Social Media is the New SEO.

6 Jul

For any of you who read up on or practice SEO techniques, you know this: the past year and an half has been rough. Google has been releasing major algorithm update after update — each having momentous changes to search engine results. Many businesses have lost their rankings overnight.

Google’s intentions, of course, are good — but the actual results have been horrible. What has resulted is almost an chaotic penalizing of sites. Countless completely whitehat sites have been penalized. The casualties of war, I guess — and Google has admitted to this. Furthermore, Google has also admitted to the existence of Negative SEO, which I find appalling.

The net result is SEO has become an unreliable way to promote your website. I have, unfortunately, learned this first hand.

A more reliable method is Social Media Marketing. For my web startup, the majority of my online marketing methods focus on social media channels.

The premise behind Social Media Marketing is to remain top of mind.

When you log into your Facebook or Twitter or LinkedIn account, you are bombarded with a live, constantly changing feed of updates.  Therefore, to capture your social audience’s attention, you need to constantly provide relevant, engaging updates.

This is difficult. It requires a lot of time and effort.

To address this, I am actually working on launching a new service for webmasters.  This service will put your Social Media Marketing (as well as a good part of your Internet Marketing) on AUTOPILOT.  The techniques used will be completely whitehat. The premise of my service is to automate a lot of what you ought to be doing manually to promote a successful online business.

More on this as the service gets more fleshed out and closer to launch.

My Second Attempt at MLM. Organo Gold.

2 Jul

organo-gold

Organo Gold sells organic coffee based on a natural supplement called Ganoderma. Ganoderma has medicinal properties and has been extensively used in Asian and holistic medicines.

Organo Gold sells through Multi-level Marketing (MLM). For those unfamiliar with the concept of MLM, give the Wikipedia article a read: http://en.wikipedia.org/wiki/Multi-level_marketing. Many large, successful companies use this business model–the best known examples include Avon and Tupperware.

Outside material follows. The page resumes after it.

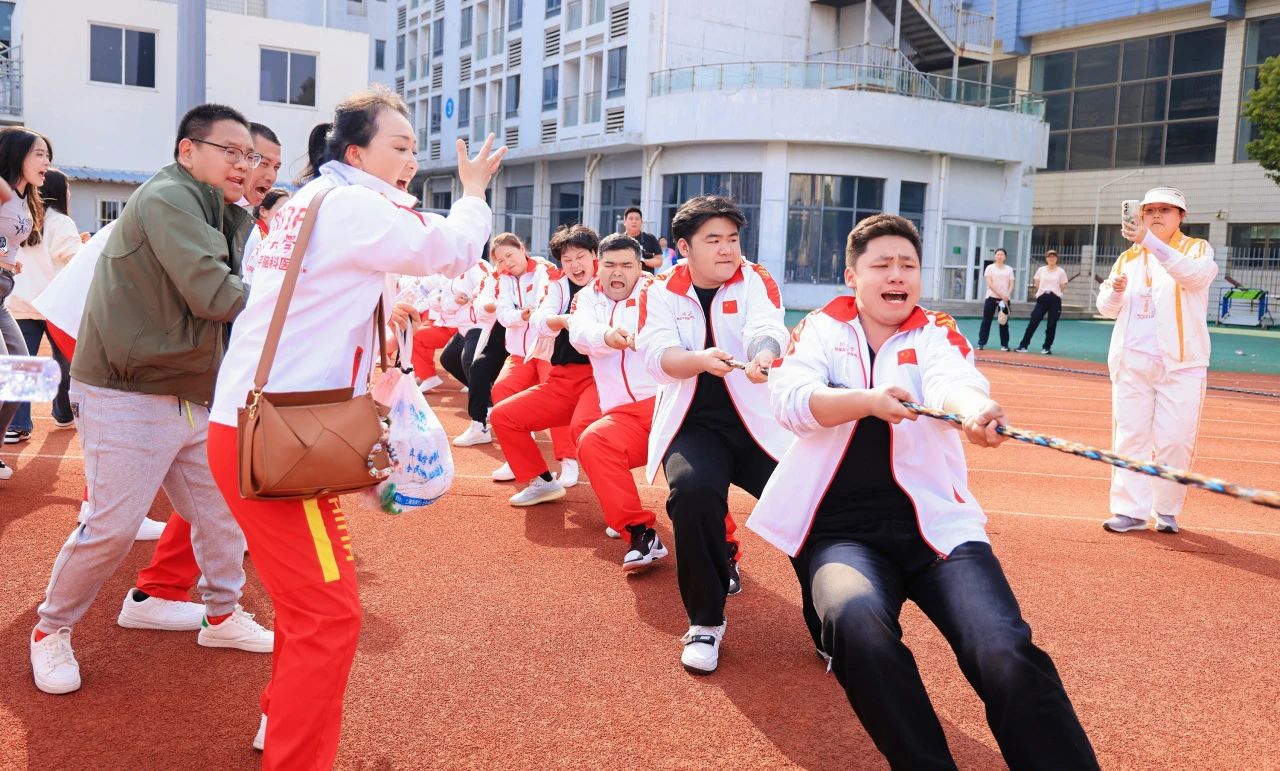 “3、2、1——拉!”“189個、190個!”在另一邊的賽場上,集體拔河、集體跳繩以及鴻運彩球比賽相繼開展,運動員們分配好體力、把握好節奏、運用好巧勁,紛紛勇爭上游,運動場上的這一根根“粗麻繩”和“細長繩”,將運動與健康緊密聯結在一起。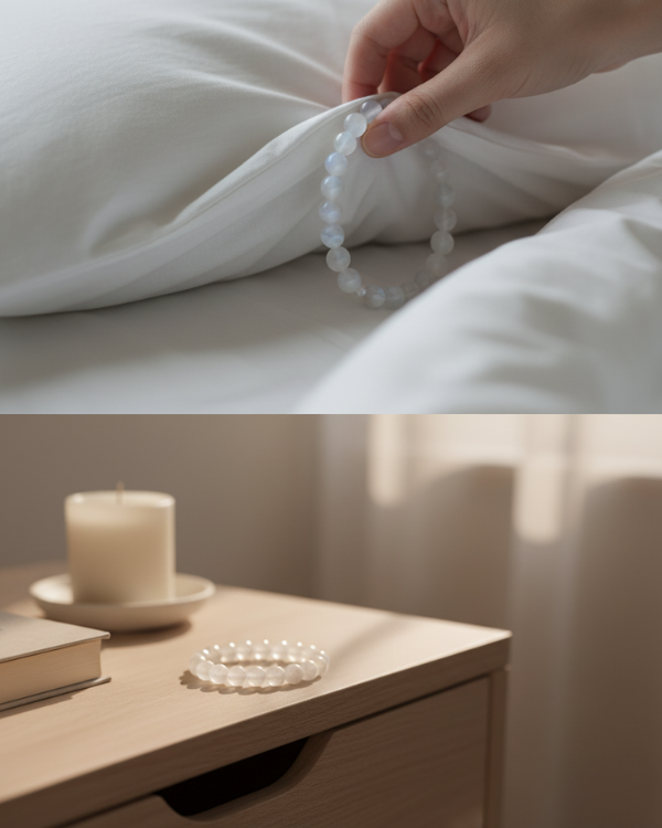 • When not wearing, keep it under your pillow or on your bedside table, allowing the bracelet to absorb and radiate serene, moonlit vibrations through the night.

This is my second attempt at MLM. The first attempt (Isagenix) kind of fell by the wayside. How come? Well, I’ve just been consumed with other business ideas, mainly a “web startup” I launched about year ago.

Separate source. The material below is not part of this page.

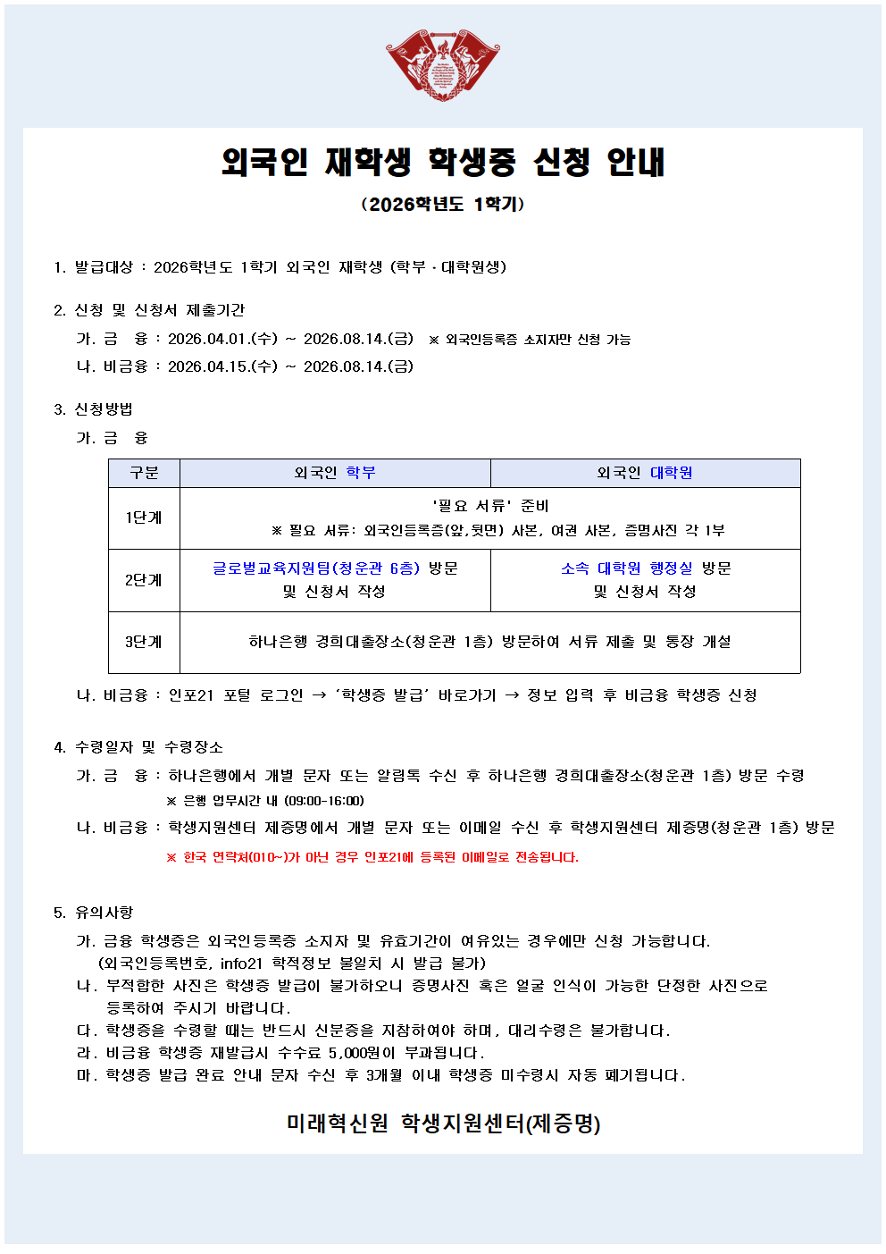 2026학년도 1학기 외국인 재학생 학생증 신청 안내

I was recruited to join Organo by my friend, Chris. Chris is a tennis coach living in Texas. We met through a mutual friend here in New York City. He only joined Organo Gold just over a month ago, but has already earned several thousand.

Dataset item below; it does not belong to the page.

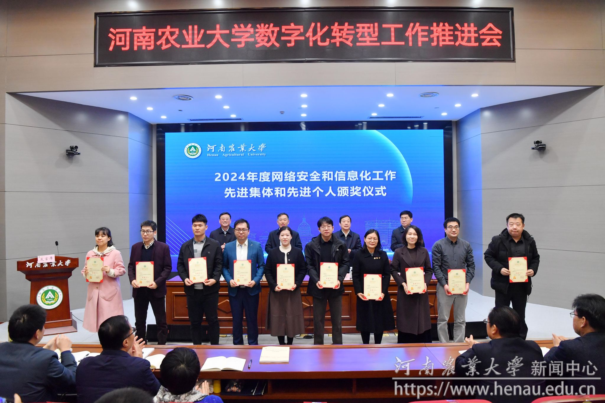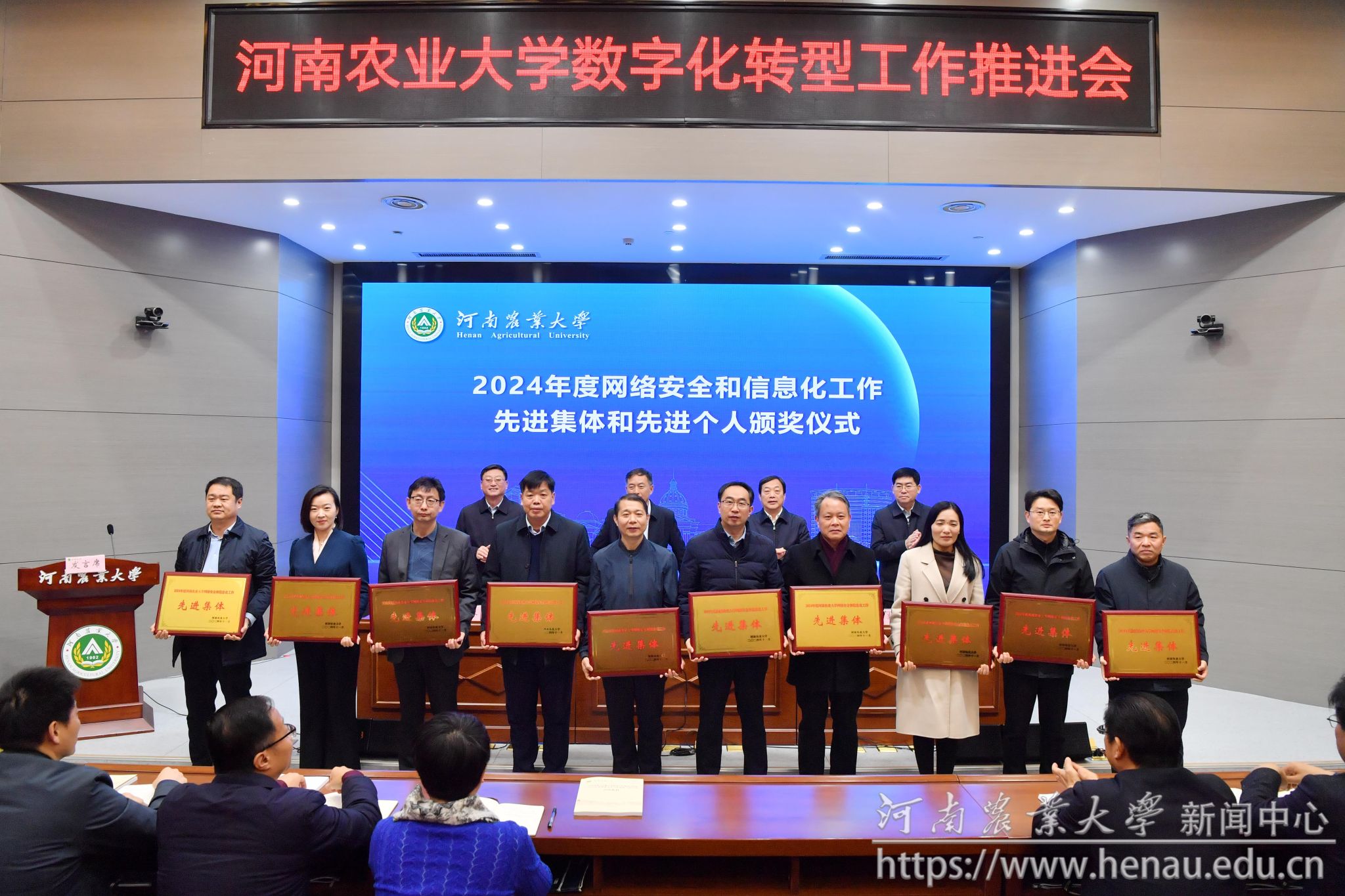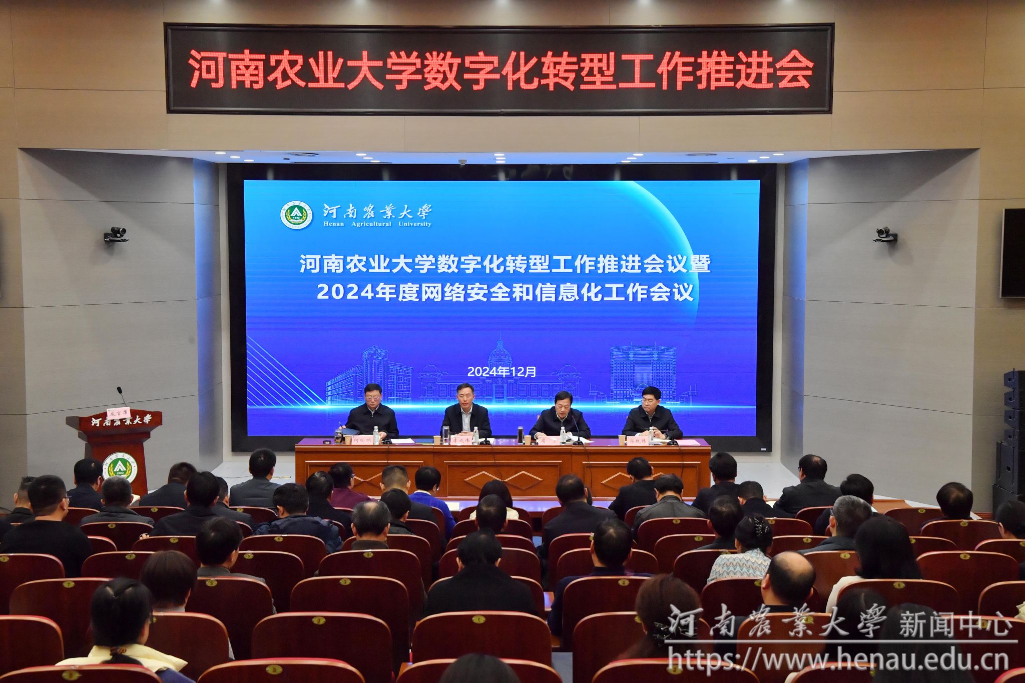 郭战伟作学校信息化发展的报告。他指出,学校近年来在数字化转型过程中取得了明显成效,但也存在一系列深层次、结构性的问题与挑战等待解决。各单位要转变工作理念,提升工作标准,强化信息化服务师生的能力,以一流的信息化建设水平引领学校在教学、科研、管理等方面的数字变革。一是要深化纲要落实,科学谋划转型。科学谋划本单位数字化转型工作,全面梳理本单位信息资产台账,制定本单位数字化转型计划。二是要加强数据建设,重塑业务流程。秉持“信息系统+业务服务+数据应用”理念,聚焦数据生产要素建设,打造数据全生命周期闭环。三是要丰富信息资源供给,推动服务现代化。强化“信息资源池”建设,通过统筹和建设,提升学校的信息化资源供给能力。四是要提升数字化转型能力,赋能农业新质生产力。完善师生参与数字转型的机制,打造学校高水平可持续的信息化人才梯队,培育具有数字创新思维与实践能力的复合型人才,为发展农业新质生产力添砖加瓦。五是要筑牢网络安全底线,守护数字转型成果。加强网络安全制度建设、网络安全防护措施、网络安全宣传与教育、网络环境整治,为师生营造一个安全清朗的网络空间。

With Organo, I will again take an unconventional approach to MLM. My idea is to build an ecommerce site around Organo Gold products (and quite possibly add on similar products into our product catalog) and promote it like a normal online business. Over the past several years, I have built several successful ecommerce sites, so will leverage those experiences in this MLM venture.

Also, Chris will be my partner on this. While I focus on Internet marketing and web development, he will focus on the traditional direct-selling side of MLM. He is great at that. He will also be directing customers directly to our site.

Btw, if this is something you think you’d be interested in, shoot me an email (dave@[this domain]). I will put you directly in touch with Chris.

If you’re unsure or just want more info, I still recommend you speak with Chris. Here are 2 reasons why:

  1. Coffee is the second most consumed beverage in the world–second only to water.
  2. Organo (like Isagenix) has a very optimal, 2-leg referral plan. The essence of it is this — if you join under my tree, then HALF of all my future referrals will automatically become your referrals.

If you want to see the ecommerce site come together, check it out here: SedonaFoods.com.  We picked and registered the domain yesterday.  Over the next couple days, the site itself should take shape and we’ll be in business!  I will be posting periodic updates to this blog.

Total investment so far? About $2.12.  I used the promo code FORK on GoDaddy to register SedonaFoods.com for $1.99.